How much do I trust myself? Not an easy answer, it turns out. Guess I need some tangible testing. I need a trust jar for myself. Yup, I’m starting one.
I’m going to be mindful of:
How much trust have I already accrued?
I have a feeling I have more trust in the tank than I’m letting on to myself. Over the years, I’m both a calculated risk taker and an occasional “Are you with me Thelma?!” pedal to the floor risk taker. I’ve proven to myself that I am resilient when many of those risks crashed and burned I bounced back. (Okay, some were more of a crawl or “Can somebody give me a hand?” back to standing, but I eventually got there.)
How much do I truly bank on?
Now this is the kicker. I may have oodles of trust sitting in there racking up interest, but not act like a trust-millionaire. Why? Because trust is connected to risk. If I am facing a risk, it’s easier to say “uh, no” when there’s not much trust in the bank. And risk is venturing into unknown territory. And… wait for it… unknown territory means expanding myself. AHHHHHH!
So, acting like I don’t trust myself is essentially saying “I’m not ready to expand. I like this little cage with the partially obstructed view of a beautiful horizon, thank you.”
I’ve caught myself saying, “Honey, don’t leave that piece of pizza on the counter. I don’t trust myself to not finish it off.” 1. I don’t trust myself?! 2. It’s just a slice, you may say, but to this emotional eater who’s really wants to stay vegan, cheese is crack. Crack, I say! 3. I don’t trust myself?! (I still can’t believe I say that phrase… And often.)
How do I know when I’m denying that trust?

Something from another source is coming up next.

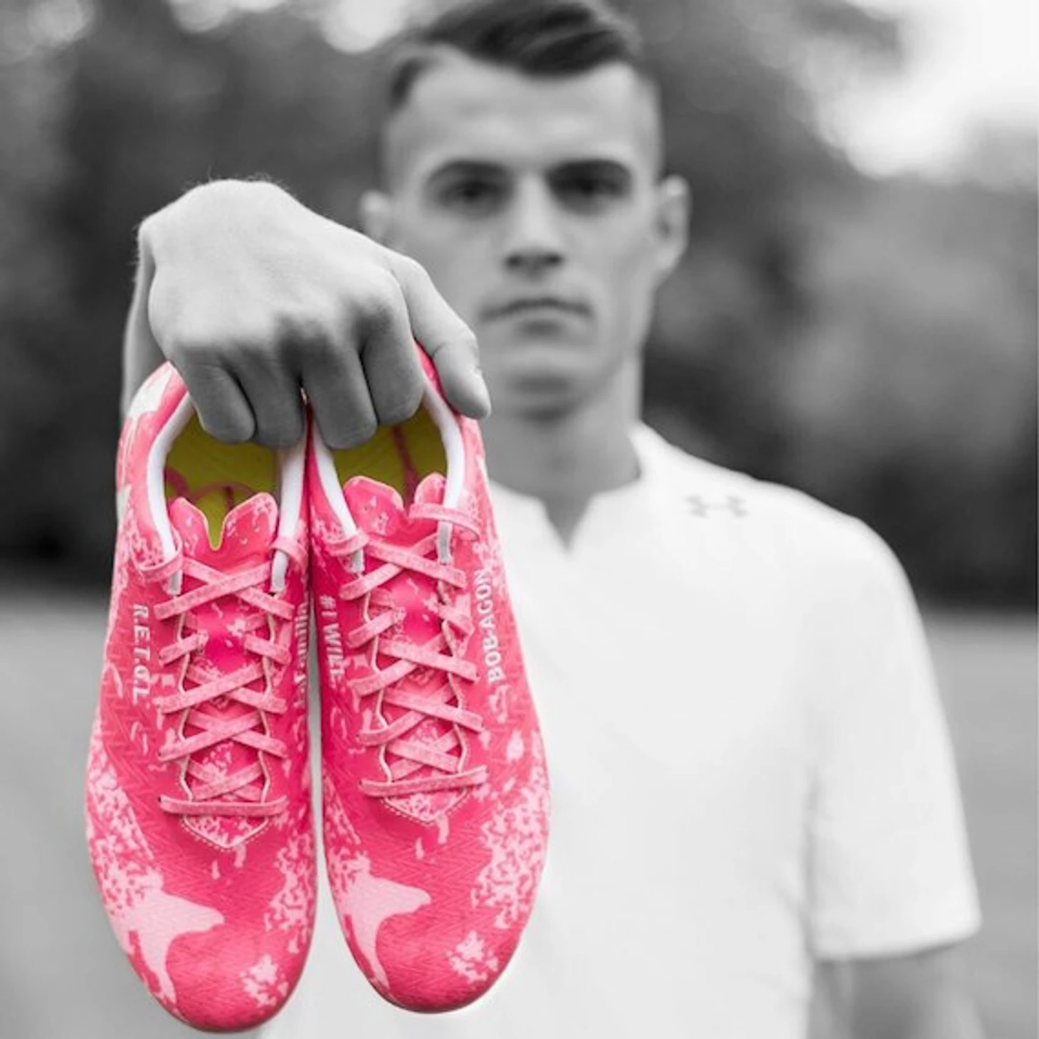 «Рак молочной железы – жуткая болезнь, от которой страдают целые семьи. Не только женщины, но и дети, мужья, матери и отцы. Нужно быть очень сильным и смелым, чтобы бороться с таким врагом каждый день и не терять надежду. Именно поэтому я с гордостью надену бутсы, которые олицетворяют боевой дух этих людей», – подписано фото в инстаграме игрока. Кроме Джаки, в бутсах такого же цвета собираются играть Мемфис Депай и молодой защитник «Ливерпуля» Трент Александр-Арнольд.

I was asking myself that question when, in another world a.k.a. My secret—shhhhh! —Facebook group “The Revolution is YOU”, a fellow rebel posted this great quote by Louis E. Catron from Playwriting: Writing, Producing, and Selling Your Play:
“The self-censor unit can become a major contributor to what is often called ‘writer’s block.’ If the self-censor is allowed to dominate, the thing can freeze the creative process. Every idea is given critical scrutiny and the slightest flaw calls for rejection of the whole. […] All laughter is gone. Instead of rejoicing that a new idea has come to the conscious mind, the self-censor will be dismayed that the idea is not perfect the moment it is born.”
Bingo! Lack of joy and humor is my indicator. Taking things too seriously. That’s the denial emotion. Denial of personal trust. Denial of risk taking expansion.
How do I gain trust in myself?
Look above, play more, Jess! Be joyful in the insanity that is life. And be a more dutiful accountant. I need to daily—even hourly—observe and anchor those moments of proven personal, inner trust.
Who else is in? Who’s going to question their assumptions on trust?
Hands up. Jars out. Fill ‘em up!
Then let the self-expanding risk taking start because you’ll be fully backed with all that personal trust.